§ Data for this exercise:

....................

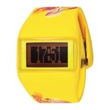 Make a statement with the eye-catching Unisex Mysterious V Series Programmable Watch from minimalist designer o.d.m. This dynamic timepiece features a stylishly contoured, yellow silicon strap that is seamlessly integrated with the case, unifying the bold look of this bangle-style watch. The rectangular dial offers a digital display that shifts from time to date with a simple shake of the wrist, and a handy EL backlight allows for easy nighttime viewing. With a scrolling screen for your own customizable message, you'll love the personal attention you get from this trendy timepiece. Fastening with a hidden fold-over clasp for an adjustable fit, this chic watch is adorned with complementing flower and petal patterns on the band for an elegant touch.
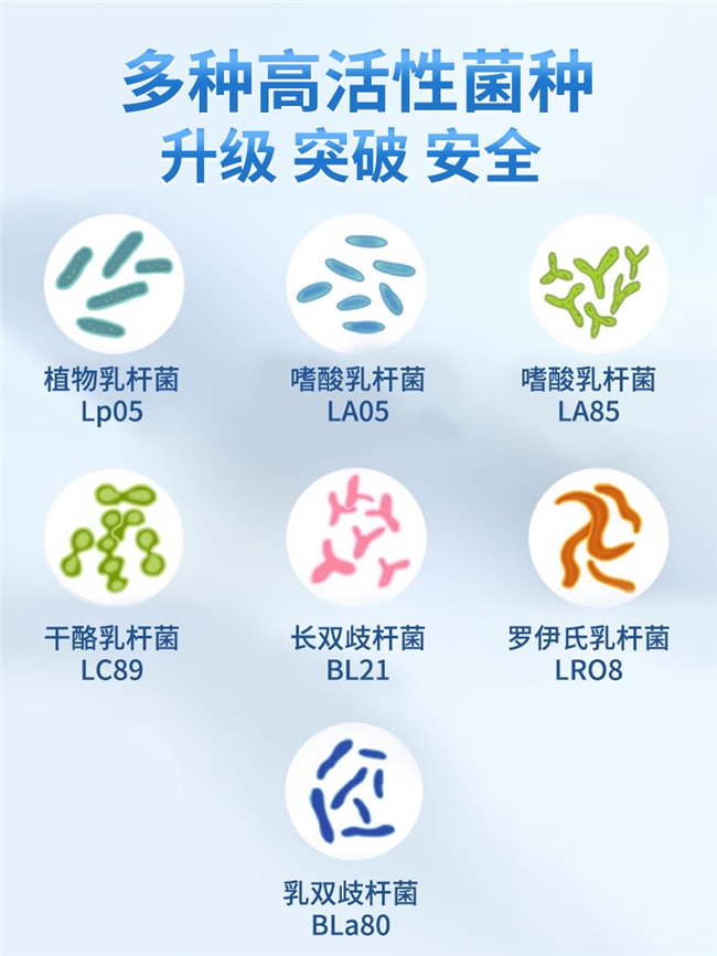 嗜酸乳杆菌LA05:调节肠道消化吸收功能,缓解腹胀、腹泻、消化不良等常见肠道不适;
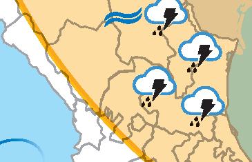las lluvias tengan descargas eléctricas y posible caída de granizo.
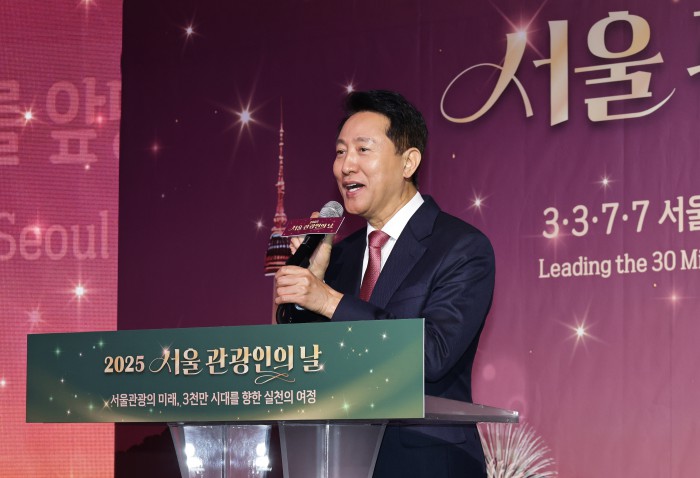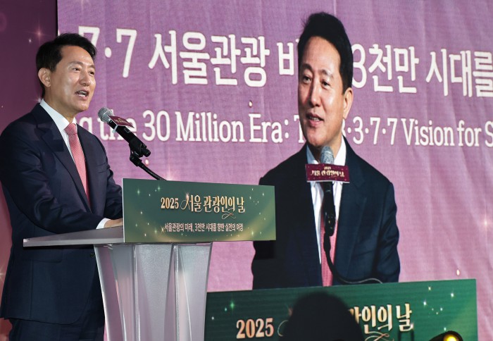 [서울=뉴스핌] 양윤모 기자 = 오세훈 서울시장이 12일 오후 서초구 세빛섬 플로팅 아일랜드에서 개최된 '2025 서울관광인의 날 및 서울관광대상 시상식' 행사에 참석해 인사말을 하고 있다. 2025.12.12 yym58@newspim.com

....................

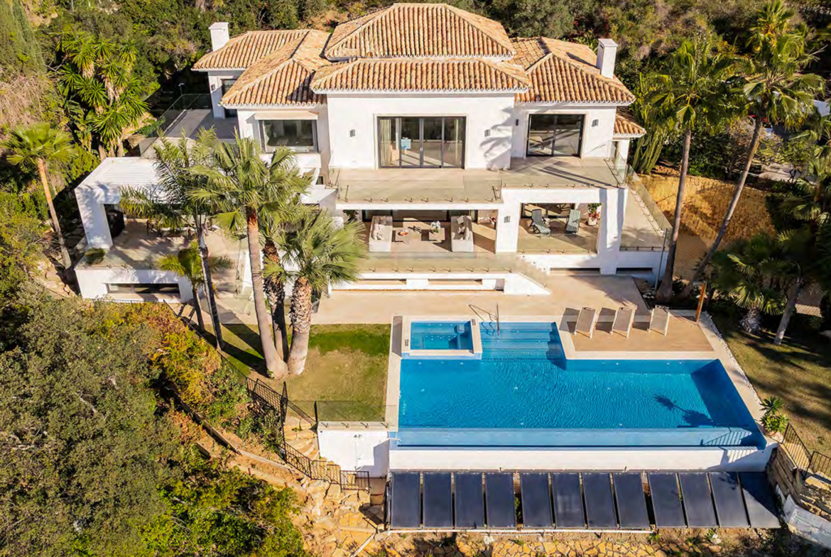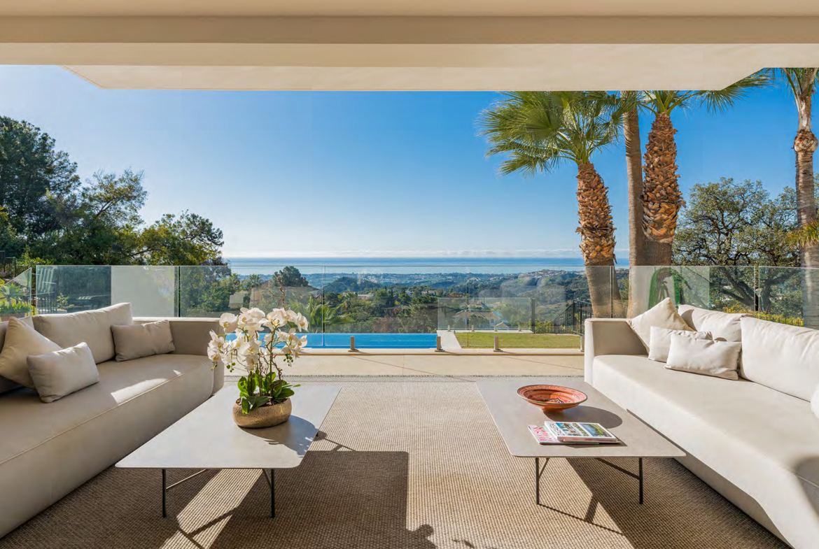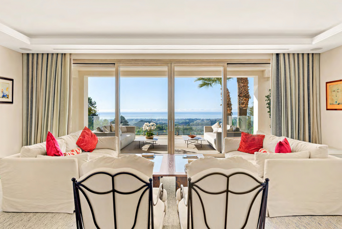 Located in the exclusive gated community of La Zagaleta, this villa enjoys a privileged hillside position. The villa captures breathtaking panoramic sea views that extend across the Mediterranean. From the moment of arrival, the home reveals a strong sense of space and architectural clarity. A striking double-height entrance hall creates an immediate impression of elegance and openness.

....................

Transcribe, exactly and without pictures, everything in the data from the line with "嗜酸乳杆菌LA05:调节肠道" down to the line with "[서울=뉴스핌] 양윤모 기자", both included.

 嗜酸乳杆菌LA05:调节肠道消化吸收功能,缓解腹胀、腹泻、消化不良等常见肠道不适;
las lluvias tengan descargas eléctricas y posible caída de granizo.
 [서울=뉴스핌] 양윤모 기자 = 오세훈 서울시장이 12일 오후 서초구 세빛섬 플로팅 아일랜드에서 개최된 '2025 서울관광인의 날 및 서울관광대상 시상식' 행사에 참석해 인사말을 하고 있다. 2025.12.12 yym58@newspim.com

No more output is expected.